» THE PROBLEM: For this task, extract exactly the lines of the data below, from the line containing "湾内を進んでいると、何かが観光船を追い掛けて来る。 |" through the last one, with pictures left out.

» COLLECTED MATERIAL:
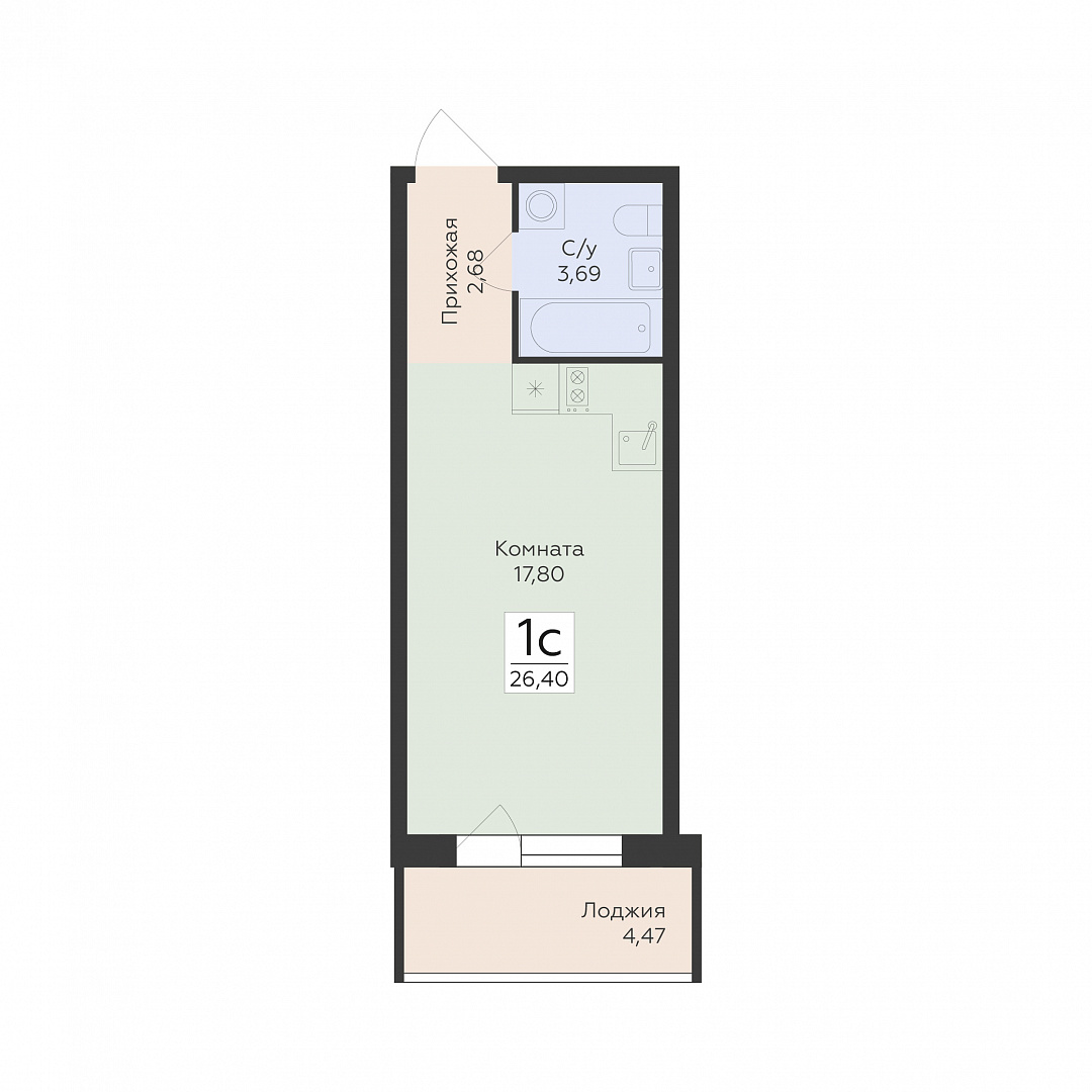 1-комнатная (студия), 26.4 м2, 2 этаж, №489, Flora
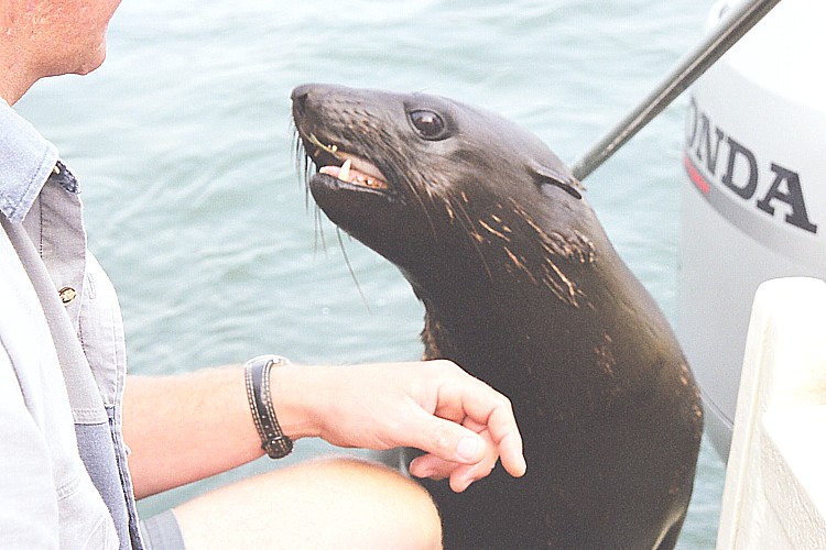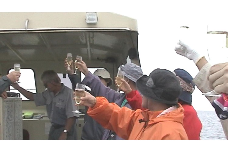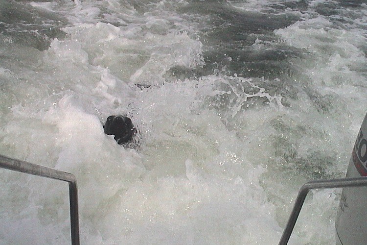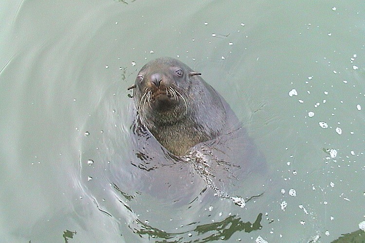 湾内を進んでいると、何かが観光船を追い掛けて来る。 |
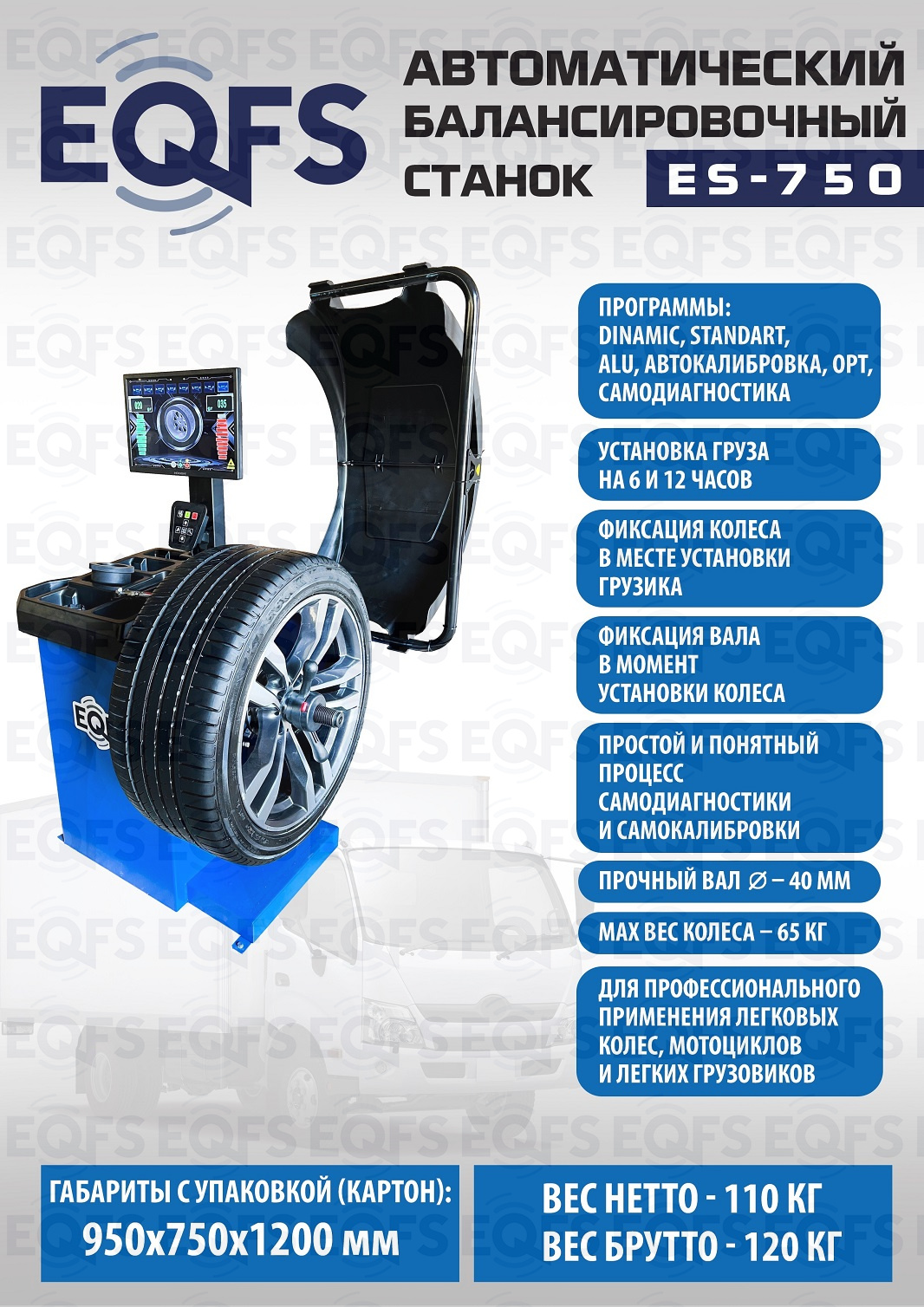 ES-750 Балансировочный станок. Автомат. Для широких колес 315 х R21 от BMW, MB, RANGE ROVER и т.д. Ввод 3-х параметров ( диаметра диска, дистанции и ширины диска), 19-дюймовый LCD монитор с высококачественной 3D-графикой, ультразвуковой датчик ширины. Автодоводчик и лазерная указка места установки грузика. Статическая и динамическая балансировка, ALU-программы для алюминиевых дисков. Программа OPT. Программа разделения и скрытой установки грузиков за спицами SPLIT. Режимы калибровки и самодиагностики. Для балансировки колёс с диаметром колеса до 800 мм. Размеры диска: ширина 3–10” (76-254 мм) , диаметр диска 10–24” (254÷609 мм). Прочный вал Ø - 40мм. Вес колеса 65 кг. Гарантия 18 мес – наш монтаж, 12 мес – самостоятельная установка.

» SOLUTION FOR THIS PROBLEM:
 湾内を進んでいると、何かが観光船を追い掛けて来る。 |
 ES-750 Балансировочный станок. Автомат. Для широких колес 315 х R21 от BMW, MB, RANGE ROVER и т.д. Ввод 3-х параметров ( диаметра диска, дистанции и ширины диска), 19-дюймовый LCD монитор с высококачественной 3D-графикой, ультразвуковой датчик ширины. Автодоводчик и лазерная указка места установки грузика. Статическая и динамическая балансировка, ALU-программы для алюминиевых дисков. Программа OPT. Программа разделения и скрытой установки грузиков за спицами SPLIT. Режимы калибровки и самодиагностики. Для балансировки колёс с диаметром колеса до 800 мм. Размеры диска: ширина 3–10” (76-254 мм) , диаметр диска 10–24” (254÷609 мм). Прочный вал Ø - 40мм. Вес колеса 65 кг. Гарантия 18 мес – наш монтаж, 12 мес – самостоятельная установка.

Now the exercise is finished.